Holiday thoughts

We Guyanese are very fortunate to once again experience the happy confluence of religious commemorations that reflect our rich diversity. In the midst of the Christian season of Lent, Hindus will joyfully re-enact the tradition of Holi tomorrow, and the Muslim community will celebrate Eid ul Fitr later this month.
Lent is the forty-day period observed by Christians in preparation for the Easter commemoration of the death and resurrection of Jesus Christ. Beginning on Ash Wednesday last week, believers typically fast, pray, do penance, and give alms to generally discipline their minds and bodies and better appreciate the act of sacrifice and love by God for humanity. The three days before Ash Wednesday are also known as Shrovetide (“shrove” is an Old English word meaning “to repent”).

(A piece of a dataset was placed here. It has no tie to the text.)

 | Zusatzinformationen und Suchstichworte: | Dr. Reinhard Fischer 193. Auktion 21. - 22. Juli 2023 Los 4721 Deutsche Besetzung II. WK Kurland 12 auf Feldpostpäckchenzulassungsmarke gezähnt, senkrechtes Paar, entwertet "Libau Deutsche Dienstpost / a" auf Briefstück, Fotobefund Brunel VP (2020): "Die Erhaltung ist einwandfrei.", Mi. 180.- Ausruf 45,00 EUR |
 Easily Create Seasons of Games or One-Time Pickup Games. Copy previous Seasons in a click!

The custom became entrenched in many locales to “eat, drink and be merry” – to have a “last fling”, so to speak, before the austerities of Lent. Hence, for instance, Carnival in Rio and Trinidad, and Mardi Gras in New Orleans. It is for this reason that observant Christians were more than a little put off by the billing of our Mash celebrations as our version of “Carnival” even though it commemorates Republic Day, which falls smack in the period of Lent. We have to be a wee bit more aware of our heritages.
Eid-ul-Fitr is the Islamic festival that marks the end of Ramadan, the holy month of fasting, and is celebrated with prayer, charity, and communal festivities. It occurs on the first day of Shawwal, the 10th month of the Islamic lunar calendar, immediately following Ramadan. The holiday celebrates the successful completion of a month of fasting, spiritual reflection, and devotion, and it is a time for Muslims to express gratitude to Allah for the strength and guidance received during Ramadan. It is a day of forgiveness, mercy, and gratitude, where Muslims seek to purify their hearts and strengthen social bonds. The festival emphasises thankfulness to Allah and encourages acts of charity, known as Zakat al-Fitr, to support those in need and ensure that all members of the community can participate in the celebrations.

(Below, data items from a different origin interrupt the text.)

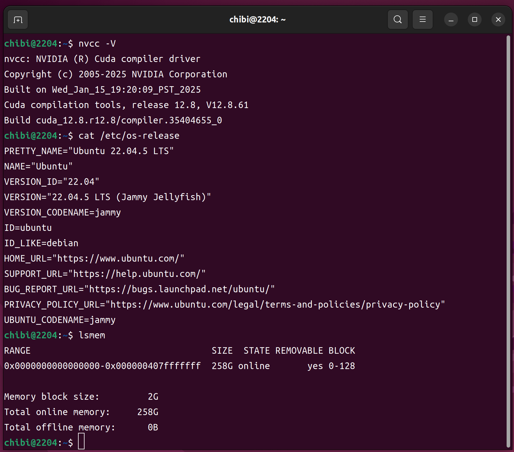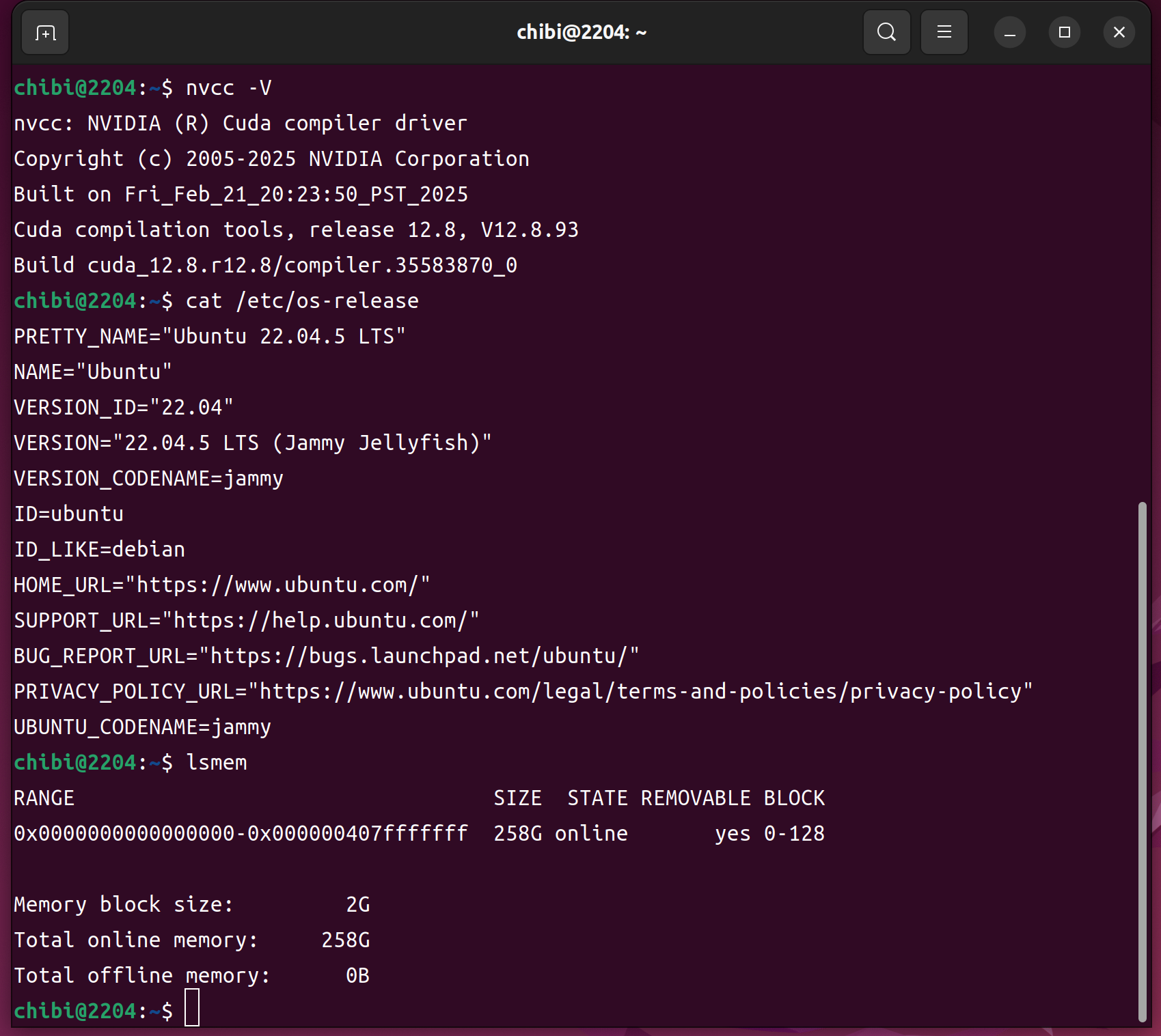 nvcc -V cat /etc/os-release lsmem 256GB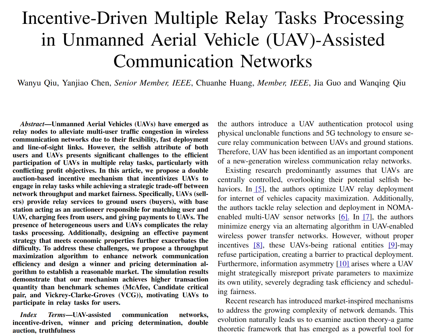 近日,我院邱晚玉博士以第一作者的身份在国际高质量期刊《IEEE Internet of Things Journal》上发表研究论文 “Incentive-Driven Multiple Relay Tasks Processing in Unmanned Aerial Vehicle (UAV)-Assisted Communication Networks” 。《IEEE Internet of Things Journal》发表物联网各领域的最新研究进展及综述论文,涵盖主题包括:物联网系统架构、物联网通信与组网协议、物联网服务与应用等。2025年影响因子为8.9,中科院1区。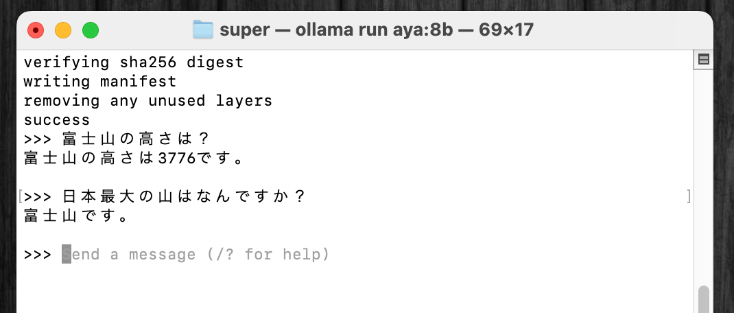 Ollamaのollama runコマンドでのモデルのダウンロードが完了すると、直ちにインストールされ、ターミナル上でAya 23とのチャットが開始される。
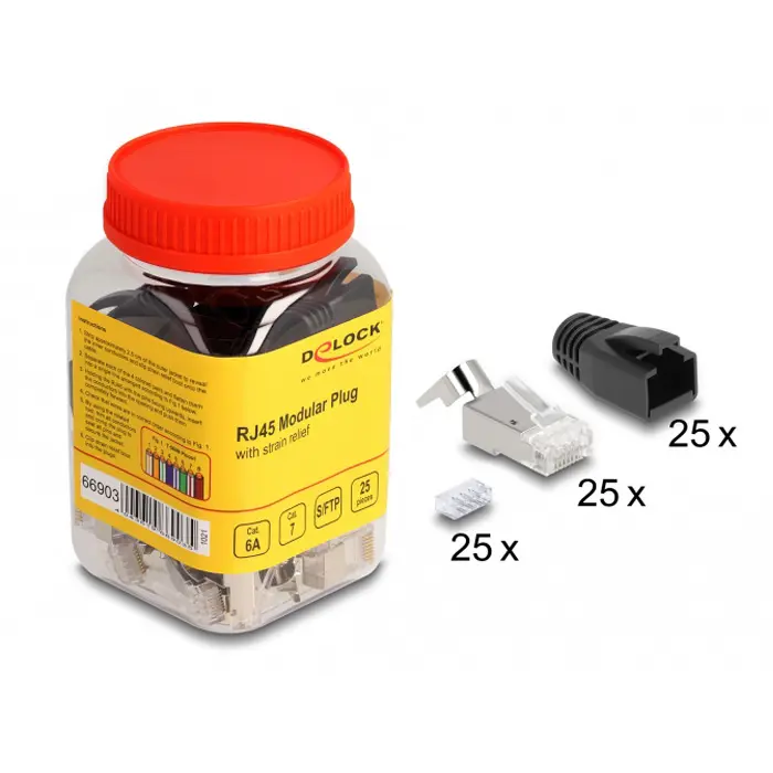 66903 CAVO STRAND/SOLID-RIGIDO AWG22-23 Delock Spina modulare RJ45 con scarico della trazione Cat.6A, Cat.7 e protezioni antipiega set da 25 pezzi

Then, of course, there is the religious tradition of Holi, which is usually forgotten in the gaiety of the spring festivals that have become associated with it. It is as if Carnival has become Lent. Ironically the tradition is of great relevance to most modern societies. There was the King Hiranyakashipu, who was not satisfied with being the ruler of all that he surveyed in his dominion. He desired even more total and undivided obeisance. He decided that the devotions that were being offered to God ought to be directed to him. To ensure this circumstance, he deployed the might of the state to be on guard and to weed out all who may not be inclined to worship him as the Almighty.
By and by, everyone was intimidated into compliance, and the King was happy – and increasingly arbitrary – while the people became abjectly unhappy. But opposition arose from an unexpected source – from within the King’s own household – in fact, from his son and heir, Prahalad. The little boy steadfastly refused to mouth the official line and, in fact, declared to all and sundry that his father was an imposter. The real God, he declared, is immanent in all existence. Cajoling, threats and then attempts at murder, including the famous immolation in fire in the lap of his aunt Holika that gave the name to the festival, did not change the boy’s stance, and the angry King finally demanded proof of the existence of the “other” Divinity. The faith of the child, of course, was rewarded by the manifestation of the Divine, in the form of a creature half-lion and half-man, who destroyed the King.
The point for us, in these increasingly hedonistic times, is that each of our many religions assures us that there is a Divinity that supports our existence. Let us not only remember him when faced with destruction.